Hopefully it’s fair to use an article for both this blog post and my presentation…
So this study looked at how patients believed their recovery went who underwent surgery to treat a proximal hamstring avulsion and those who had non-surgical treatment. For the purpose of this study, a proximal hamstring avulsion was defined to be “when at least one of three tendons were avulsed from their origin on the ischial tuberosity.” Treatment was determined based on age (younger more likely to get surgery), comorbidity (the presence of two chronic diseases or conditions in the patient), activity level of the patient (the more active patients got surgery), MRI findings (more severe injury received surgery), and clinical findings (if the patient was unable to extend their hip in the prone position, they received surgery).
Surgery consisted of reinserting the common proximal hamstring tendon into the footprint. Following surgery, the patients rehabbed. The non-surgically treated group were referred to a physiotherapist and used the same rehab protocol as the surgical group.
The experimental group consisted of 47 patients, 33 of which had surgery and 14 of which did not (would the results be skewed due to the imbalance of subjects?), who had a mean age of 51 years old. Following their treatment, whether it was surgical or non-surgical, the authors of the study followed up with them 3.9 years later (oddly specific time but okay). The experimental test consisted of a Lower Extremity Functional Scale to determine the range of motion following the injury, and questions from the Proximal Injury Questionnaire (more subjective measurement). The study made sure to account for the severity of the original injury, by looking at the MRI following the injury.

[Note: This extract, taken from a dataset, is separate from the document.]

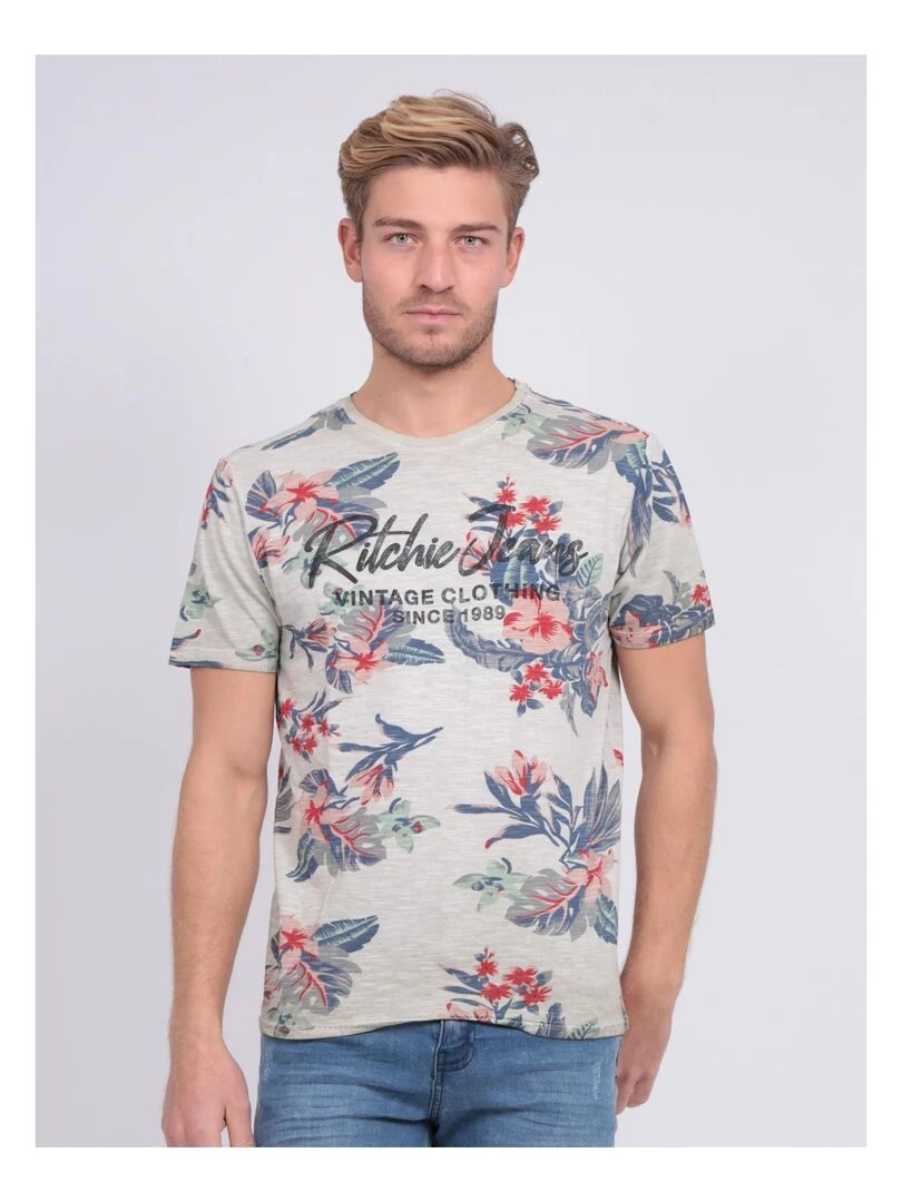 T shirt col rond pur coton NALKO Beige

The only result that was significant was that the MRI from the surgically treated group had a larger proportion of tendons retracted more than 2cm (probably why they required surgery…). The Lower Extremity Function Scale resulted in a score of 74 (SD+/-12) for the surgical group and 72 (SD+/-16) for the non-surgical group. However, they looked at their average time of exercise following treatment, and the surgical group reported that they exercised more often and for longer durations than their counterparts. That being said, 94% of the surgical group considered themselves high-performance amateur athletes, and 74% of the non-surgical group did. Do we think this is because they were a more physically active group prior to the injury (which is why their injury required surgery?) or could it be because they experience less pain while exercising?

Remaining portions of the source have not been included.